== Exercise instructions ==
It would help if you retyped the data exactly, leaving out the pictures.

== Supplied information ==
○ ○ ○ ○ ○

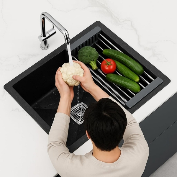 - Functional and Modern Design: Equipped with an integrated sink drainer for efficient water flow and drying, plus a deep basin that reduces splashing during heavy washing
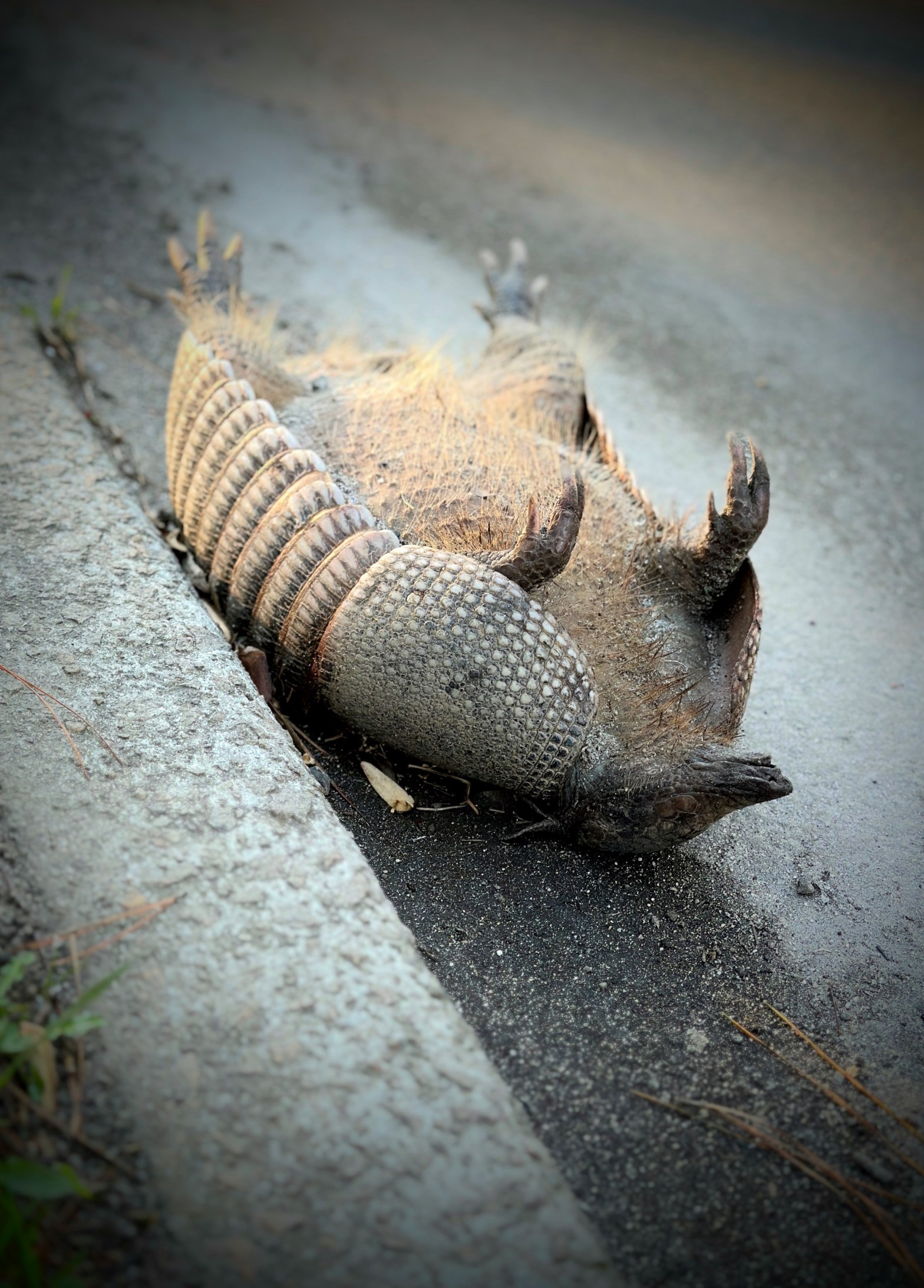 I got to see an upturned armadillo — deader than dead on the side of the road. I stopped and took its photo. An odd thing to want. But I felt grateful for the up-close shot. I’ve passed several before while driving, but the pace and business of life never allowed the pause.
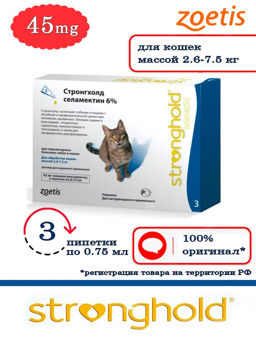Стронгхолд для кошек весом до 2,6-7,5 кг. 12% 0,75мл*3 пипетки, 45 мг
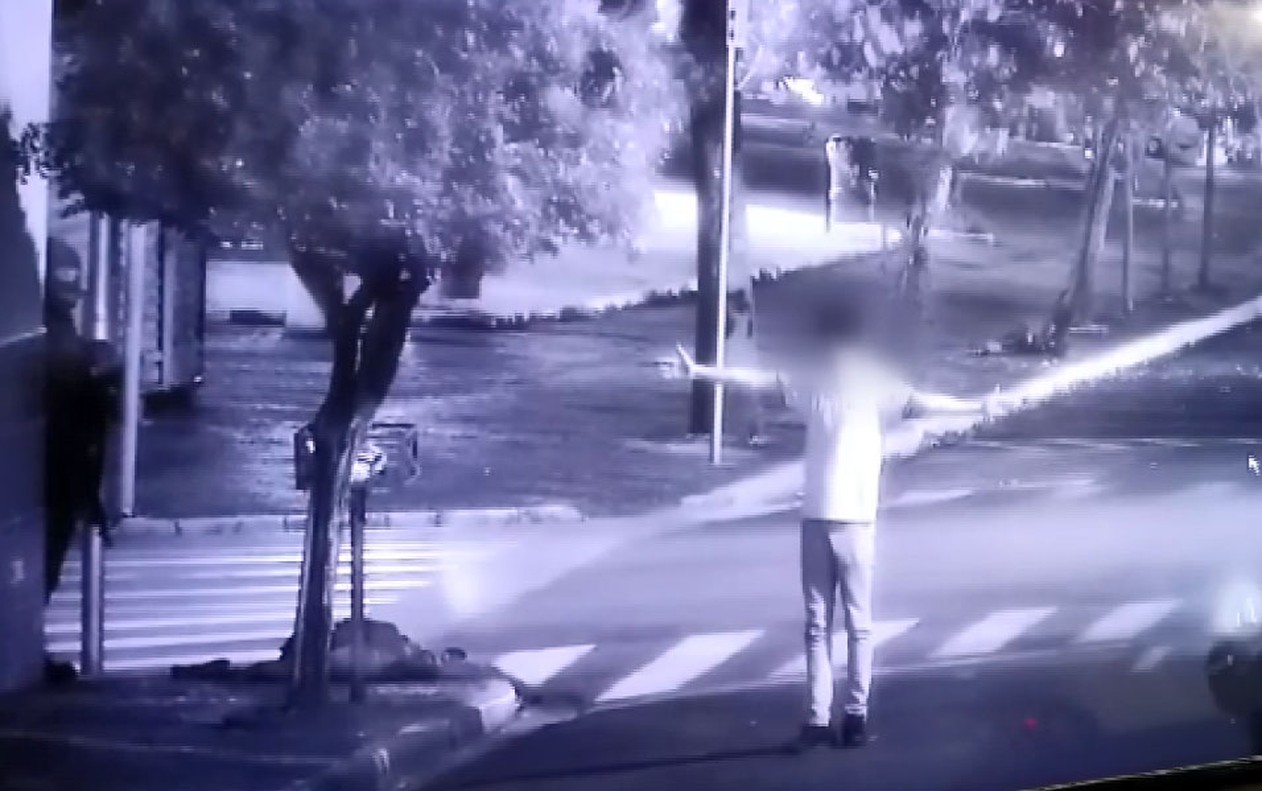 Imagens mostram um vigilante que foi obrigado a ficar de braços abertos no meio da rua, usado como “escudo” para evitar a aproximação da polícia.

○ ○ ○ ○ ○

== Response to this exercise ==
 - Functional and Modern Design: Equipped with an integrated sink drainer for efficient water flow and drying, plus a deep basin that reduces splashing during heavy washing
 I got to see an upturned armadillo — deader than dead on the side of the road. I stopped and took its photo. An odd thing to want. But I felt grateful for the up-close shot. I’ve passed several before while driving, but the pace and business of life never allowed the pause.
Стронгхолд для кошек весом до 2,6-7,5 кг. 12% 0,75мл*3 пипетки, 45 мг
 Imagens mostram um vigilante que foi obrigado a ficar de braços abertos no meio da rua, usado como “escudo” para evitar a aproximação da polícia.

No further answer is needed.